G. Caretto scite author profile

Zr–N films were grown on glass substrates via radio-frequency magnetron sputtering using an Ar + N2 + H2 mixture. Hydrogen was employed in order to reduce oxygen contamination coming from background pressure, as confirmed by secondary ion mass spectroscopy analysis. The tuned process parameter was the nitrogen flux percentage (RN2) in the mixture. The crystallographic structure of the films was studied using x-ray diffraction. The measurements show that the films deposited at low RN2 (lower than or equal to 50%) crystallize in the rocksalt ZrN structure. As RN2 exceeds 50%, the film exhibits the co-presence of ZrN and Zr3N4 (denoted as o-Zr3N4) phases. When the deposition is performed in only nitrogen atmosphere (RN2 = 100%), a broad peak located at 2θ ≈ 32.2° is mainly attributed to the contribution coming from (320) planes of the o-Zr3N4. An envelope method, based on the optical reflection and transmission spectra taken at normal incidence, has been applied for the optical characterization of the nitride films. Such a method allows the determination of the samples’ average thickness and optical constants (refractive index n and extinction coefficient k) in the ultraviolet-visible-near infrared regions.
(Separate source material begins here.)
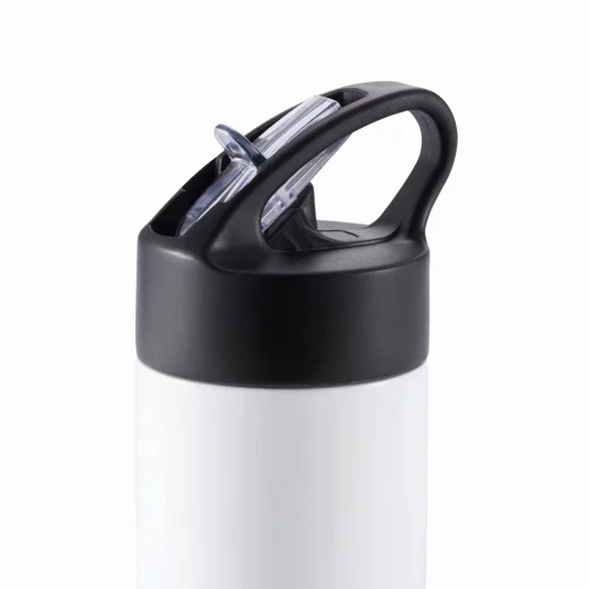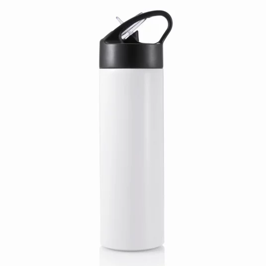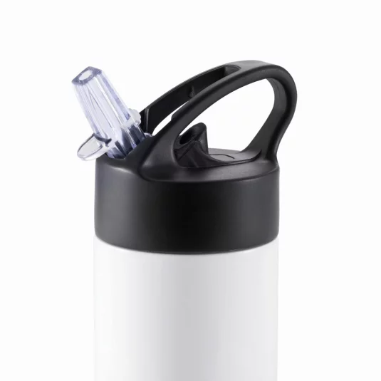 Élégante bouteille en acier inoxydable avec une paille pratique intégrée.

The evaluated thickness was about 2500 nm, which is in good agreement with the value obtained from profilometry. The absorption coefficient α was calculated from reflectance and transmittance spectra. The energy bandgap ranges from 2.3 eV to 2.4 eV. Electrical characterization was performed using capacitance-voltage measurements, which showed that the films evolve from insulating to semiconductor behavior when the nitrogen content in the sputtering atmosphere is decreased, confirming structural and optical results.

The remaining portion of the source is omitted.